Lt. Byron Hope, the police department’s traffic-safety coordinator, said officers have indefinitely stopped monitoring the stretch.

Earlier this month, D.C. Council member Phil Mendelson, at-large Democrat, introduced a bill calling for the city and Mayor Anthony A. Williams, a Democrat, to re-evaluate the posted speed limits on streets where speed cameras are used.

The bill, co-sponsored by Carol Schwartz, at-large Republican, and Sharon Ambrose, Ward 6 Democrat, also states fines from the program should be allocated to the city’s highway trust fund.

Police plan to expand the program, despite declining numbers.
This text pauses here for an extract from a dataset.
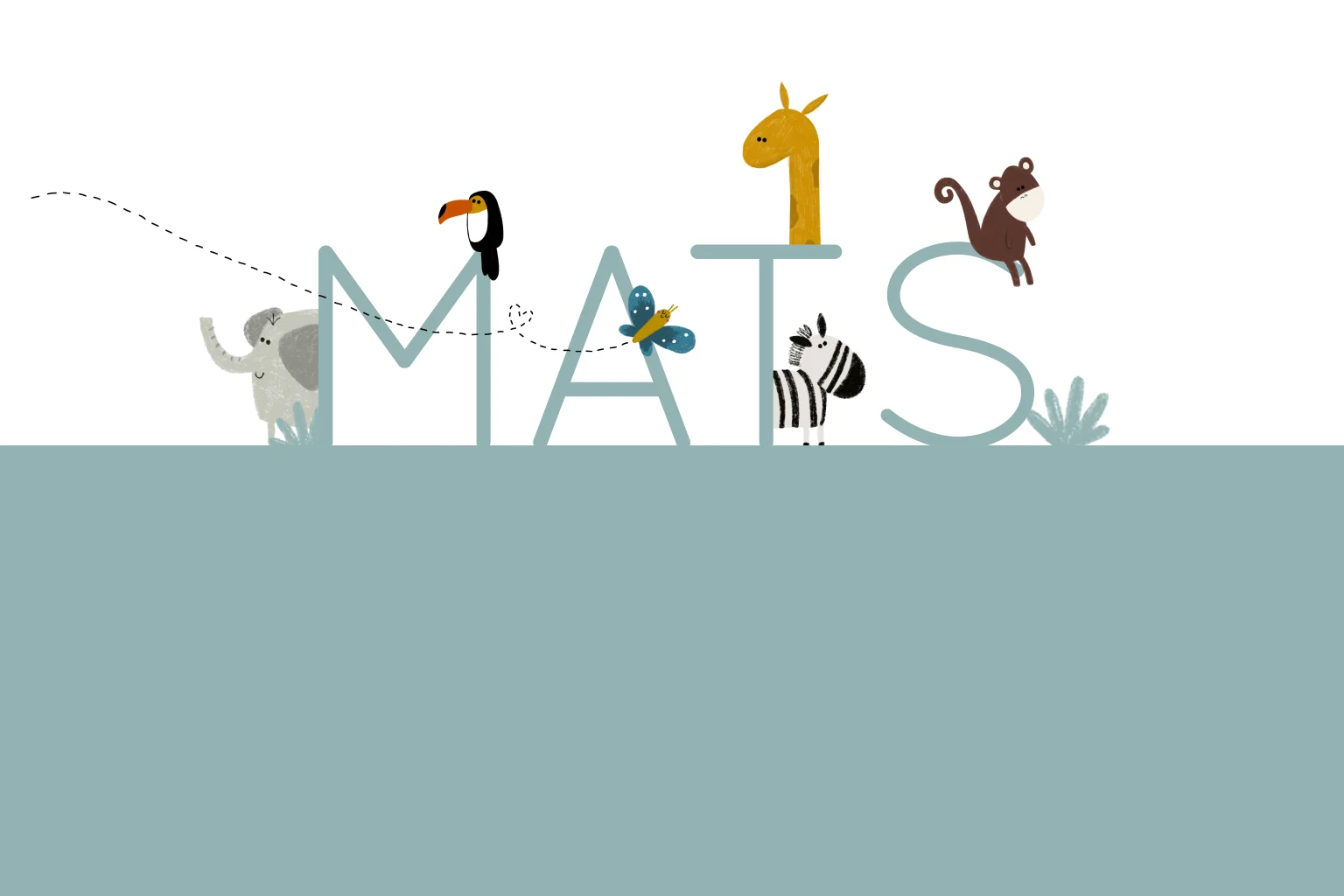 Een minimalistisch geboortekaartje waarbij de naam onderdeel is van de illustratie met jungle dieren.

The number of mobile cameras will increase from 10 to 12 by the end of this year, while 10 red-light cameras, which catch drivers running red lights, will be added to the existing 40.

Earlier this month, a new red-light camera and five stationary radar speed cameras were added to the network of five existing stationary ones.

Lt. Hope said the new locations are still in the testing phases.

In February 2004, the city’s first stationary radar camera was activated, in the 600 block of Florida Avenue in Northeast.

The location, a 25 mph zone next to Gallaudet University, generated the most citations last month.

Police said 2.47 percent, or 4,474 of the 181,077 monitored vehicles were speeding at the location, with the highest recorded speed at 81 mph.

The percentage is down from the camera’s first month of operation, when 11.5 percent, or 2,523 of the 21,873 vehicles monitored, were speeding.